All the softwares can be installed through the GATK_SNP.yaml file in the github repository.

One-command run to install all softwares by GATK_SNP.yaml

conda env create -f GATK_SNP.yaml
conda activate GATK_SNP

Alternatively, you can also create a conda environment and install software step by step.
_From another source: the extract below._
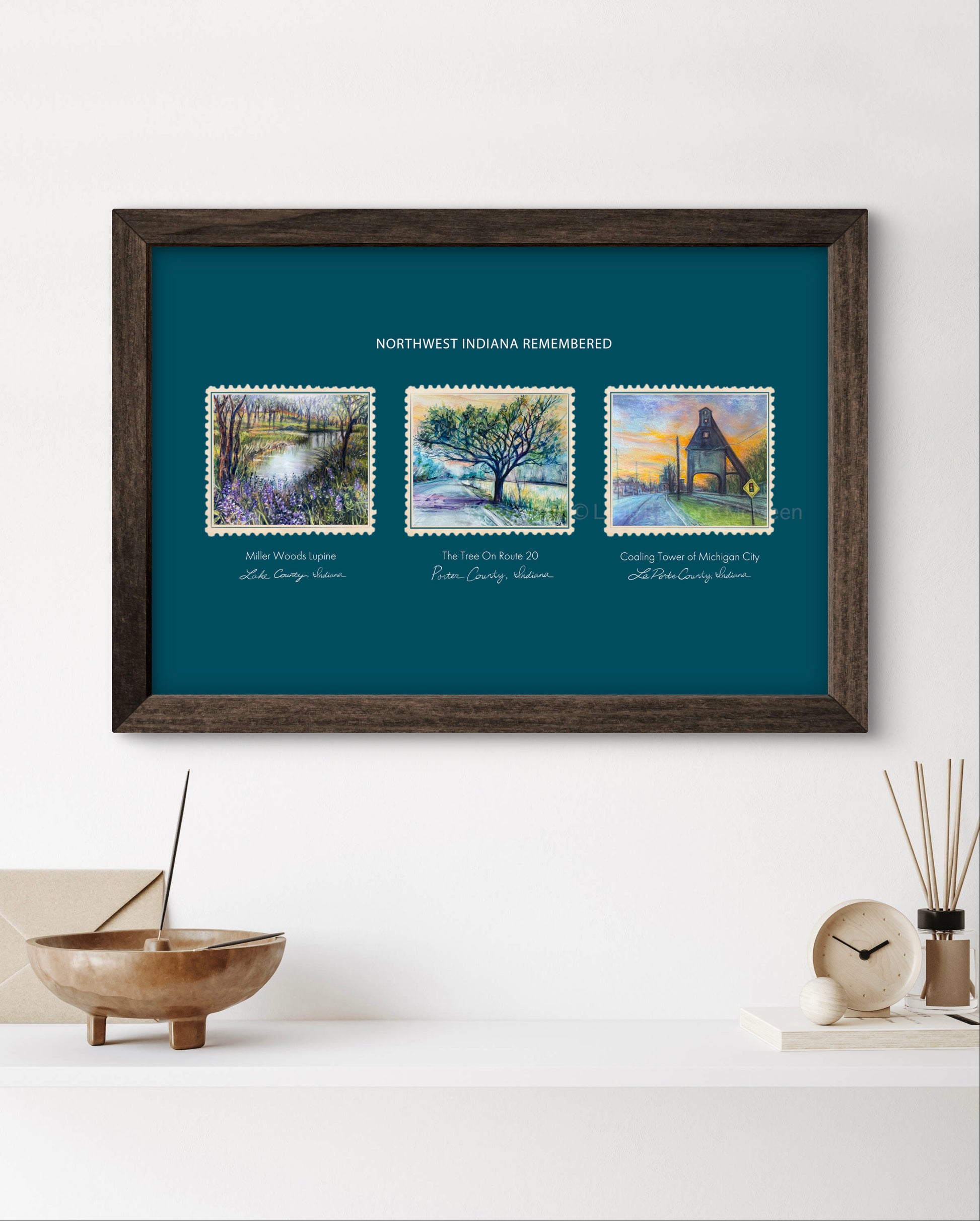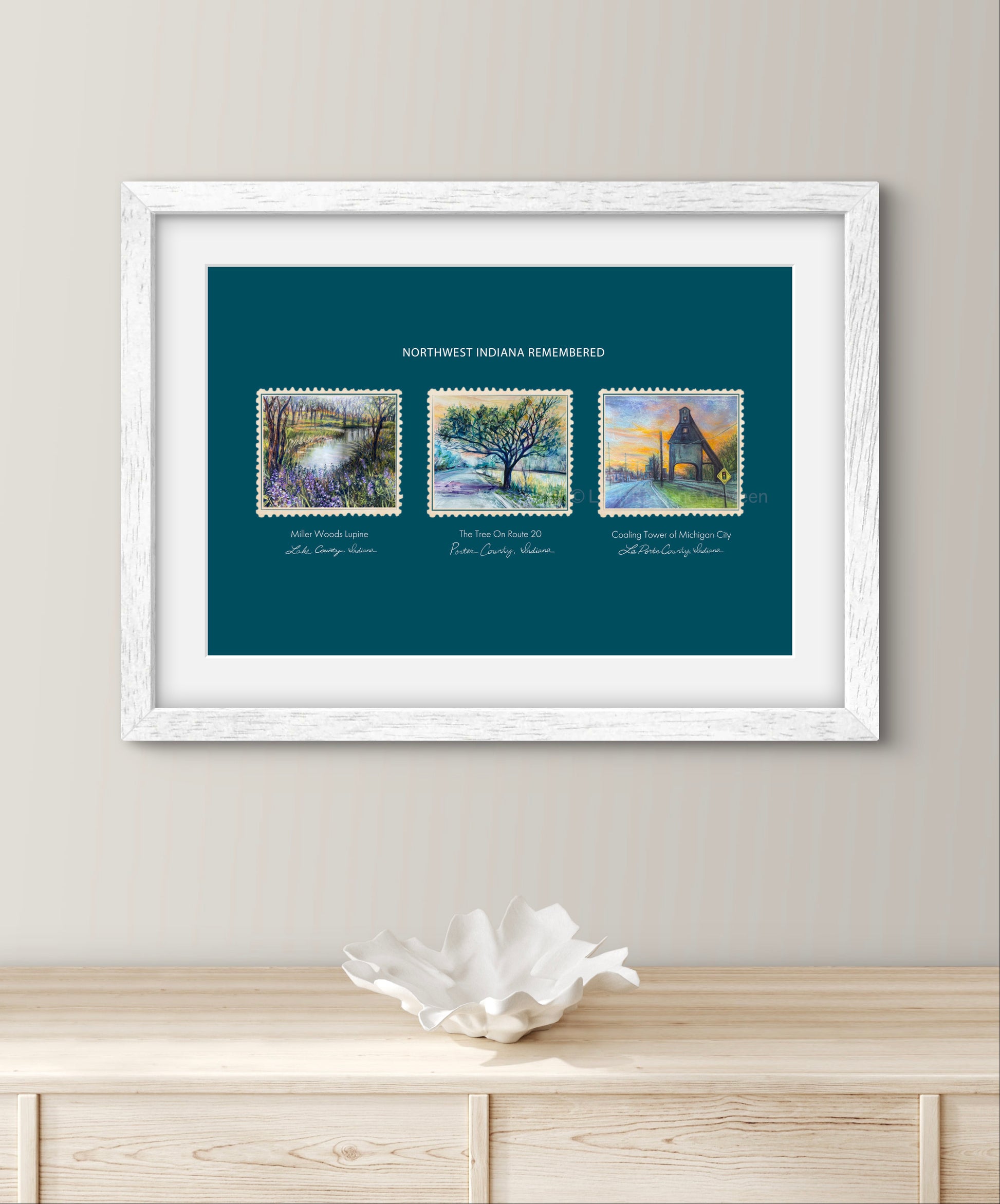 This triptych features three special scenes from Northwest Indiana, all original artwork in watercolor and soft pastel. This includes one painting of a scene from LaPorte County, Porter County, and Lake County.

Create and load conda environment

conda create -n GATK_SNP
conda activate GATK_SNP

Installing Trimmomatic

Software for reads trimming

conda install -c bioconda trimmomatic

Installing BWA

Software for reads alignment

conda install -c bioconda bwa

Installing SAMtools

Software for SAM/BAM file treatment

conda install -c bioconda samtools

Installing GATK4

Software for SNP Calling

conda install -c bioconda gatk4

Installing vcftools

Software to measure vcf files

conda install -c bioconda vcftools

Input Data

The sample data for GATK SNP Calling workflow include:

  • B73/A188.R1/2.fq.gz: Paired-end whole genome sequencing reads for two test samples.
  • B73Ref4.fa: The maize B73 version4 reference genome.
  • TruSeq3-PE.fa: The adaptor sequences for reads trimming The raw reads and adaptor sequences were included in input folder. The B73 version4 reference genome can be downloaded from MaizeGDB (https://download.maizegdb.org/Zm-B73-REFERENCE-GRAMENE-4.0/ Zm-B73-REFERENCE-GRAMENE-4.0.fa.gz)

Major Step

Step0: Download necessary files

You can download the github repository with this command line, which includes all the files and scripts need for this protocol:

git clone https://github.com/Bio-protocol/GATK-SNP-Calling.git
cd GATK-SNP-Calling

Step1: Raw reads trimming

Note: The trimmomatic software should run on 1.8.0+ Java environment

sh ./workflow/1_reads_trim.sh
  • Script content of 1_reads_trim.sh
#!/bin/bash
## B73 reads trimming ##
trimmomatic PE \
./input/B73.R1.fq.gz ./input/B73.R2.fq.gz \
./cache/B73_trim.R1.fq.gz ./cache/B73_unpaired.R1.fq.gz \
./cache/B73_trim.R2.fq.gz ./cache/B73_unpaired.R2.fq.gz \
ILLUMINACLIP:./input/TruSeq3-PE.fa:3:20:10:1:true LEADING:3 TRAILING:3 SLIDINGWINDOW:4:13 MINLEN:40 2> ./cache/B73_trim.log

## A188 reads trimming ##
trimmomatic PE \
./input/A188.R1.fq.gz ./input/A188.R2.fq.gz \
./cache/A188_trim.R1.fq.gz ./cache/A188_unpaired.R1.fq.gz \
./cache/A188_trim.R2.fq.gz ./cache/A188_unpaired.R2.fq.gz \
ILLUMINACLIP:./input/TruSeq3-PE.fa:3:20:10:1:true LEADING:3 TRAILING:3 SLIDINGWINDOW:4:13 MINLEN:40 2> ./cache/A188_trim.log

Step2: BWA reads alignment

sh ./workflow/2_bwa_align.sh
  • Script content of 2_bwa_align.sh
#!/bin/bash
## BWA index of reference genome ##
cd input
wget https://download.maizegdb.org/Zm-B73-REFERENCE-GRAMENE-4.0/Zm-B73-REFERENCE-GRAMENE-4.0.fa.gz
gunzip Zm-B73-REFERENCE-GRAMENE-4.0.fa.gz
mv Zm-B73-REFERENCE-GRAMENE-4.0.fa B73Ref4.fa
bwa index B73Ref4.fa
cd ../

## BWA alignment ##
bwadb=./input/B73Ref4.fa
B73_R1=./cache/B73_trim.R1.fq.gz
B73_R2=./cache/B73_trim.R2.fq.gz
A188_R1=./cache/A188_trim.R1.fq.gz
A188_R2=./cache/A188_trim.R2.fq.gz
bwa mem -t 8 -R '@RG\tID:B73\tSM:B73' $bwadb $B73_R1 $B73_R2 > ./cache/B73.sam
bwa mem -t 8 -R '@RG\tID:A188\tSM:A188' $bwadb $A188_R1 $A188_R2 > ./cache/A188.sam

Parameters for BWA:

  • -t INT: Number of threads
  • -R STR: Complete read group header line. ’\t’ can be used in STR and will be converted to a TAB in the output SAM. The read group ID will be attached to every read in the output. An example is ’@RG\tID:foo\tSM:bar’.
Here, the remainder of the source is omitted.